No Brasil, a monocultura é predominante em muitas regiões agrícolas. A produção extensiva de culturas como soja e milho, sem rotação adequada, pode levar ao esgotamento dos nutrientes do solo, fazendo com que ele seja mais dependente de fertilizantes químicos e aumentando a vulnerabilidade à erosão. Esse modelo, apesar de produtivo a curto prazo, pode comprometer a sustentabilidade da agricultura no longo prazo.

Por isso, compreender os impactos desse sistema e buscar alternativas mais equilibradas foi um dos objetivos da pesquisa  “Changes in the Attributes of the Oxisol ‘Arenito Caiuá’ After the Use of the Crop–Livestock Integration System”. É uma parte da dissertação de mestrado em Agroecologia de Alex Eduardo Zaniboni, da Universidade Estadual de Maringá (UEM). O trabalho serviu como base para uma investigação mais ampla, coordenada pelo professor Higo Forlan Amaral, sobre como a microbiota do solo reage a diferentes formas de manejo. 

A imagem é uma montagem composta por duas fotos lado a lado, mostrando dois homens usando camisas sociais azul-claro. Na foto à esquerda, um homem de pele clara e cabelos curtos e escuros está tirando uma selfie ao ar livre. Ele tem um leve cavanhaque e bigode e um semblante sério. O fundo da imagem mostra uma plantação verde com folhas grandes, e algumas árvores ao fundo. Na foto à direita, outro homem de pele clara e cabelos curtos e escuros posa para a câmera em um ambiente interno. Ele tem uma expressão neutra com um leve sorriso. O fundo apresenta uma parede de madeira com uma estante branca, na qual há objetos decorativos, incluindo círculos verdes entrelaçados e algumas esculturas brancas.
Higo Forlan Amaral à esquerda e Alex Eduardo Zaniboni à direita (Foto/Arquivo pessoal)

O estudo não se limitou a avaliar o impacto da agricultura e da pecuária na vida microbiana do solo, mas também destacou esses microrganismos como indicadores essenciais da qualidade do solo e da eficácia na ciclagem de nutrientes, examinando os efeitos da Integração Lavoura-Pecuária (ILP) na fertilidade e sustentabilidade dos solos da região agrícola do noroeste do Paraná.

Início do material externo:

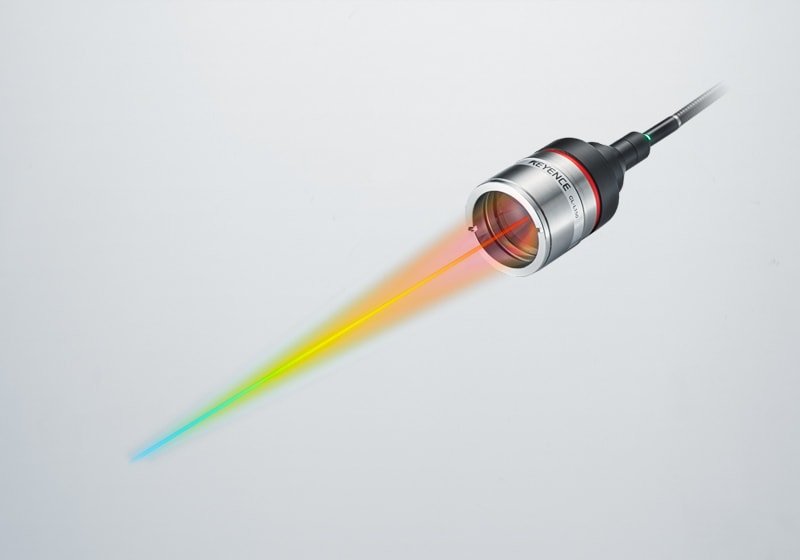 I sensori di spostamento confocale emettono e ricevono luce sullo stesso asse. Essi utilizzano una sorgente luminosa che emette più colori (lunghezze d’onda), ciascuno con una distanza focale unica. Il sensore misura la distanza dal pezzo rilevando quale colore è attualmente messo a fuoco sul pezzo stesso. I sensori della Serie CL-3000 di KEYENCE utilizzano una sorgente luminosa più intensa rispetto ai modelli convenzionali, producendo risultati di misurazione stabili su tutto il fondo scala, indipendentemente dalla riflettività della superficie.
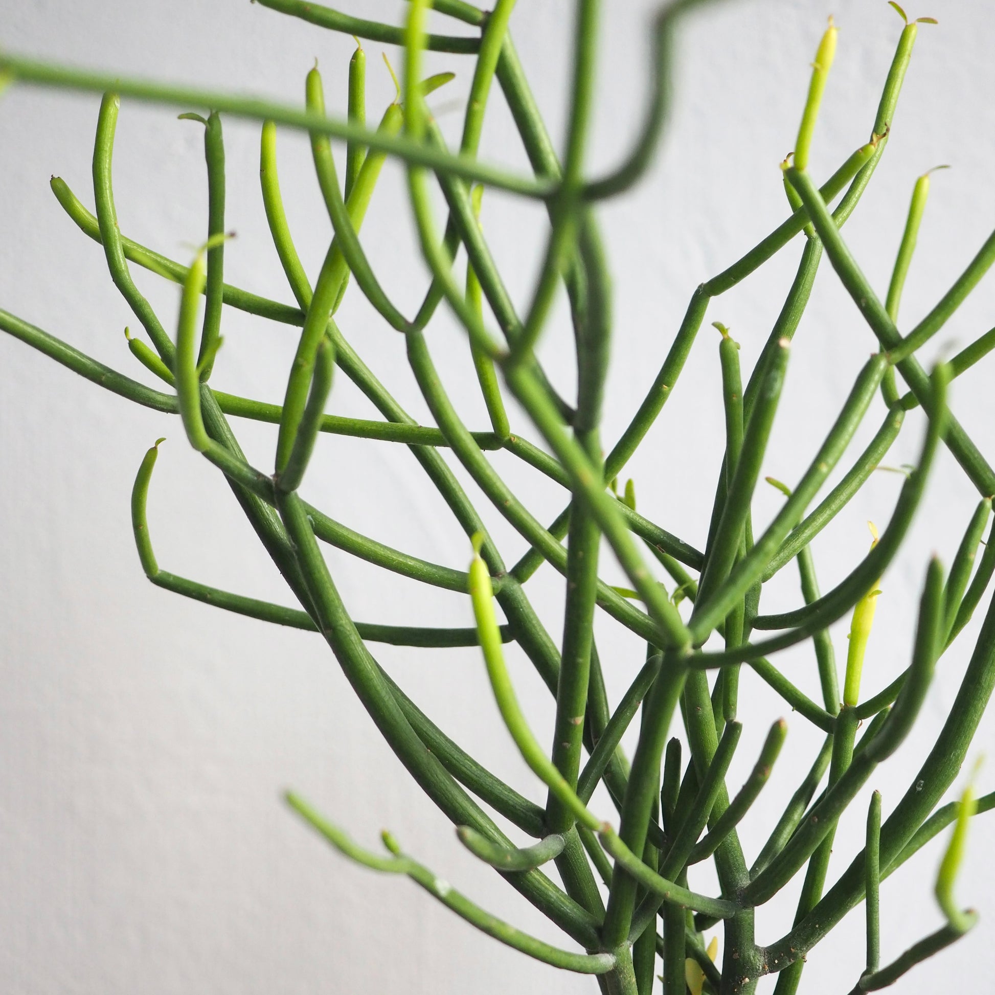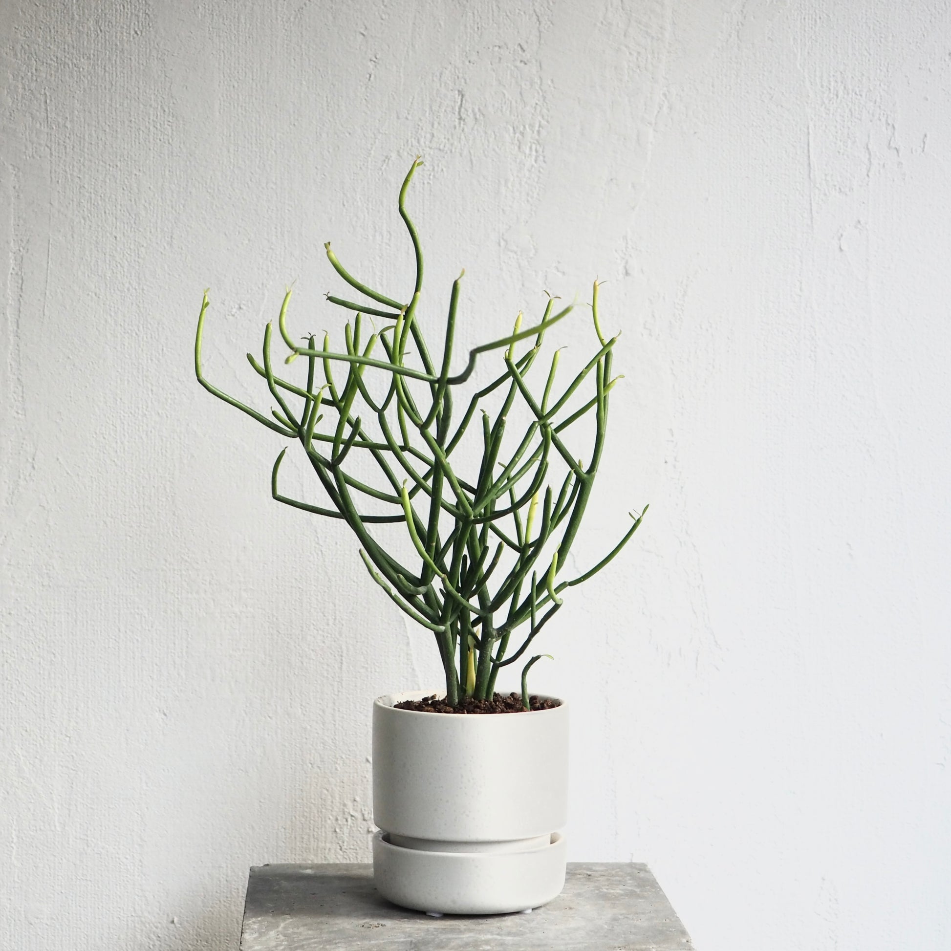 無数の細い枝が空に向かって伸びる、ミニマルで彫刻的なシルエット。ユーフォルビア・ティルカリは、通称「ミルクブッシュ」とも呼ばれる、乾いた美しさを宿した多肉植物です。

A escolha do Arenito Caiuá para a pesquisa não foi aleatória. Esse solo, caracterizado por sua textura arenosa e baixa capacidade de retenção de água, representa um grande desafio para a agricultura. “Esse solo tem uma alta suscetibilidade à erosão, principalmente devido ao manejo inadequado, ao uso de maquinário pesado e ao pisoteio de animais na pecuária extensiva”, explica o professor Higo.

Diante desse cenário, o estudo comparou áreas de início de um sistema de ILP para entender como a microbiota do solo respondia a ele e seus manejos. A hipótese era que a alternância entre lavoura e pecuária poderia favorecer a recuperação do solo e estimular a atividade microbiana, tornando o ambiente mais resistente e resiliente às perturbações.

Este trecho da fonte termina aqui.